(Problem to work on):
From the records below, output exactly the lines running from the line containing "在书院勉学堂北墙及书院崇德室" through the line containing "This 3-Piece Starfish", and no others.

(Data records):
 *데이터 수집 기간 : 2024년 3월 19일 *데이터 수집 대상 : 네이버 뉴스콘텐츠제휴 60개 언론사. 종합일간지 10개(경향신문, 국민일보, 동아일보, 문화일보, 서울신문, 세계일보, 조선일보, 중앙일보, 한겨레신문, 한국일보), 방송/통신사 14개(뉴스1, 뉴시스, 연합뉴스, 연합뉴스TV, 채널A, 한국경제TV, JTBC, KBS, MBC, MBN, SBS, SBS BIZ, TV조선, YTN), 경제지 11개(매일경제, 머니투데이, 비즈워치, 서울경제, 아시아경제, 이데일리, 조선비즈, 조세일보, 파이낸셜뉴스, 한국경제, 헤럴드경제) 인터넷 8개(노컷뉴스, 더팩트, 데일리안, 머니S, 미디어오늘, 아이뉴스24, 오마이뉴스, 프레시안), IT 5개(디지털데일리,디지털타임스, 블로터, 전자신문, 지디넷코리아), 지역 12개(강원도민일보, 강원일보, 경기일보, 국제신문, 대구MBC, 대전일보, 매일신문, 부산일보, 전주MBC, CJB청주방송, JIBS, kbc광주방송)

---

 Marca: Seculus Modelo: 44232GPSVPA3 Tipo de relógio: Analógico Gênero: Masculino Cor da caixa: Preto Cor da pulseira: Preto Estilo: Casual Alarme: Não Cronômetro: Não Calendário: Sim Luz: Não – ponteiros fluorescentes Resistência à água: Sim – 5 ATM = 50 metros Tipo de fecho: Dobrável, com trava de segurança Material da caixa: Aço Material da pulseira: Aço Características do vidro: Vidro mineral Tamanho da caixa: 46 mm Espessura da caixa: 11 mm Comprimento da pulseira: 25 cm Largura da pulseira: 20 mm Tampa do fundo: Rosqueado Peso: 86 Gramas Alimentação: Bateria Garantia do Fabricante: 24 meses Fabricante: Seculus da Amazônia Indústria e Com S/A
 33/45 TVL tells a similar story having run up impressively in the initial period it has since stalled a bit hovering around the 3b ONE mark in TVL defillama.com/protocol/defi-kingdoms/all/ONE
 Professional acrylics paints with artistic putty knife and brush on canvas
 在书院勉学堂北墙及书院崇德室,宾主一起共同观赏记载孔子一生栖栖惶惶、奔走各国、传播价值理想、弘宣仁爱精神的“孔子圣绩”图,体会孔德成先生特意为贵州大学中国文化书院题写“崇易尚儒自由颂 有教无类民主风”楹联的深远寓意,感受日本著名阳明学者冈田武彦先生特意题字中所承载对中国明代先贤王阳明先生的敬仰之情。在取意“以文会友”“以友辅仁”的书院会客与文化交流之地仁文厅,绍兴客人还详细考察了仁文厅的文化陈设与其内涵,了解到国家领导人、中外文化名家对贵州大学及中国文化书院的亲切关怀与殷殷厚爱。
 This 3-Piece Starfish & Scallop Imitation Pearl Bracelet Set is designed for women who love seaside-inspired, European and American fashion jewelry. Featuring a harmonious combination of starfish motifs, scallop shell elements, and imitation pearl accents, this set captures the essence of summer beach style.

(Exercise output):
 在书院勉学堂北墙及书院崇德室,宾主一起共同观赏记载孔子一生栖栖惶惶、奔走各国、传播价值理想、弘宣仁爱精神的“孔子圣绩”图,体会孔德成先生特意为贵州大学中国文化书院题写“崇易尚儒自由颂 有教无类民主风”楹联的深远寓意,感受日本著名阳明学者冈田武彦先生特意题字中所承载对中国明代先贤王阳明先生的敬仰之情。在取意“以文会友”“以友辅仁”的书院会客与文化交流之地仁文厅,绍兴客人还详细考察了仁文厅的文化陈设与其内涵,了解到国家领导人、中外文化名家对贵州大学及中国文化书院的亲切关怀与殷殷厚爱。
 This 3-Piece Starfish & Scallop Imitation Pearl Bracelet Set is designed for women who love seaside-inspired, European and American fashion jewelry. Featuring a harmonious combination of starfish motifs, scallop shell elements, and imitation pearl accents, this set captures the essence of summer beach style.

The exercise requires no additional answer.